El Galeon Andelucia is a replica of a 17th century Spanish tall ship and the only galleon class vessel sailing today.  It is captained by Rosario Fernandez and has sailed from Spain to China, back to Spain, to the Caribbean and now making its way up the East Coast of North America.

A week later, I met some El Galeon crew members.  Graciously, Edita said I could come make sunset images some time.  One nice evening I went to the vessel’s top deck with her.  It was that same deck I wished I had access to only a week prior.  Now, here I was, at sunset with my camera on the top deck of this magnificent Spanish vessel. Edita is from Puerto Rico and would like to be captain of a cargo ship one day.  She is having a great experience sailing the Galeon.

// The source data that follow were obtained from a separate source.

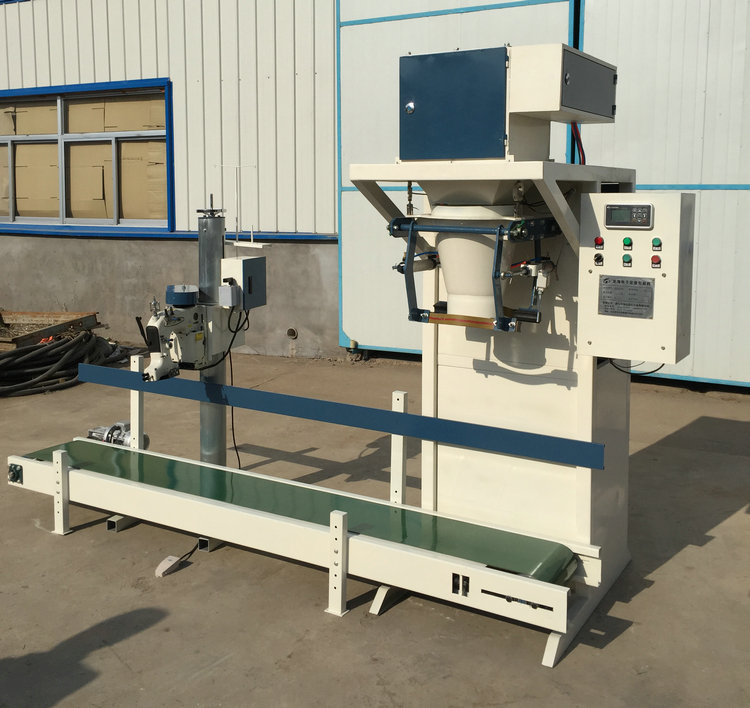 機(jī)輸送至縫包機(jī)進(jìn)行縫包—→成品輸出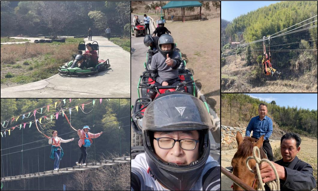 三八活动之碰撞思想。在拓展活动区,挑战自我,飞跃步步惊心玻璃桥,感受竹海清香,行走水上仙境;滑行七彩道,极速卡丁车,激烈山地车,激情原子飞车、马术中穿越时光隧道,碰撞集体思想,感受竞技乐趣,达到团队融合目标。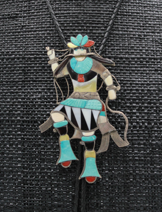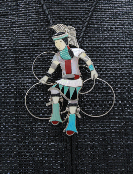Vintage Zuni Eddie Beyuka Sterling Silver Native American Hoop Dancer Bolo Tie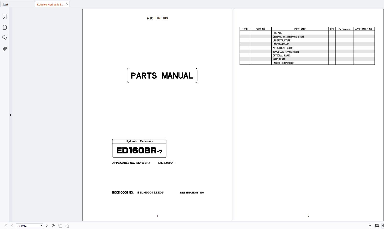 Kobelco ED160BR-7 2025 Parts Manual S3LH00013ZE

On any given day, there is plenty of action right on our dock.  The pirate ship, Black Raven, has a slip here.  Each day visitors board for a fun action tour. This is Black Raven during the blessing of the fleet event.  You can see El Galeon, as well as another Spanish replica, the Nao Victoria in the background.  The Victoria was part of a Spanish expedition commanded by Ferdinand Magellan and the first ship to circumnavigate the globe.

Also, Eco Tours leave from the marina with visitors who opt for a sail, motor boat, or kayak eco tour.  I noticed this egret boarding without permission.

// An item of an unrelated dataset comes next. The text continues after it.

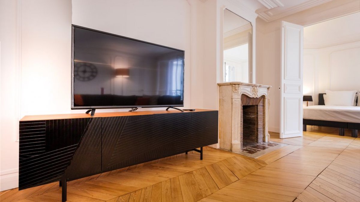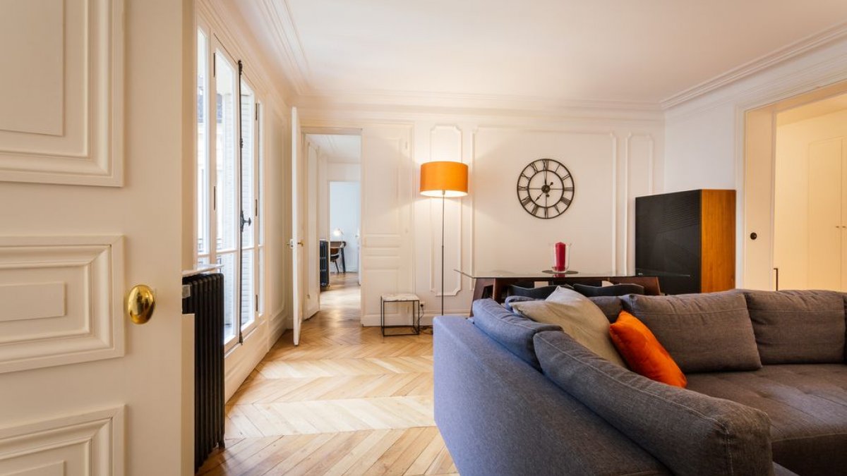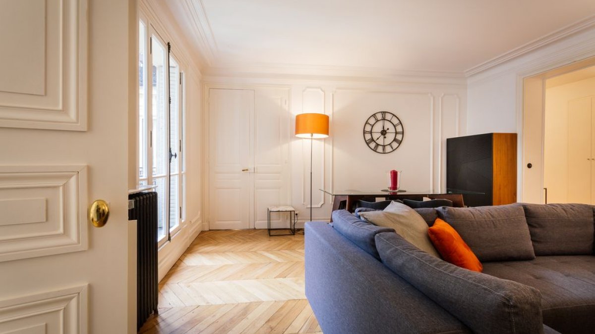 Este apartamento de una habitación totalmente equipado está a una cuadra de los Campos Elíseos, cerca de la estación de metro Franklin Roosevelt. Se encuentra en el primer nivel (segundo estadounidense) de un edificio del siglo XIX con solo vistas al patio y, por lo tanto, es tranquilo.

While browsing a sailor’s store in hopes of finding a throttle handle for our old engine controls, we met Olha from Toronto.  She was looking for charts for her trip home.  Rob gave her our phone number in case she was unable to find what she needed.  Later that day, she came to the boat so Rob could give her and her husband, Roman, some information on the inlets.  What a great adventure story they told.  Thankfully, they are here to tell it.  Perhaps she will write the story for the magazines.  The super short version:  They went to Cuba, ran up on a reef, called May-Day on the VHF, but received NO RESPONSE from Cuba. Then, Olha used the ham radio to call for help. It was ham radio operators that were finally able to get embassies involved. Olha reports that a very capable and helpful Cuban salvage company was finally able to rent a boat from the Cuban government to free their steel boat from the reef and tow them to safety.  For 35 hours they smashed up and down on that reef with each swell.  Each time the boat came down they wondered if this would be the one that would bust open the seams of their steel boat. Rather terrifying.

The St. Augustine Cruiser’s Net is a helpful network of boaters with local and general cruising knowledge that plan both social and informative events for cruisers.  They broadcast information over the VHF every morning at 9:00.  Jaye invited us to a fun social meet up downtown, and we also attended a presentation by St. Augustine Sea Tow.  They provided information about the changing inlet conditions at St. Augustine for those of us about to go out.

What do we do when we need fresh food aboard?  In St. Augustine, there is the Yellow Bus.  The route includes Publix and in one hour it returns. So, I shopped fast. That’s where we met Darcy and Wally – on the bus.  That evening they came for sundowners and we had such fun getting to know them.  They do great work as volunteers at a children’s home in Black Mountain, North Carolina.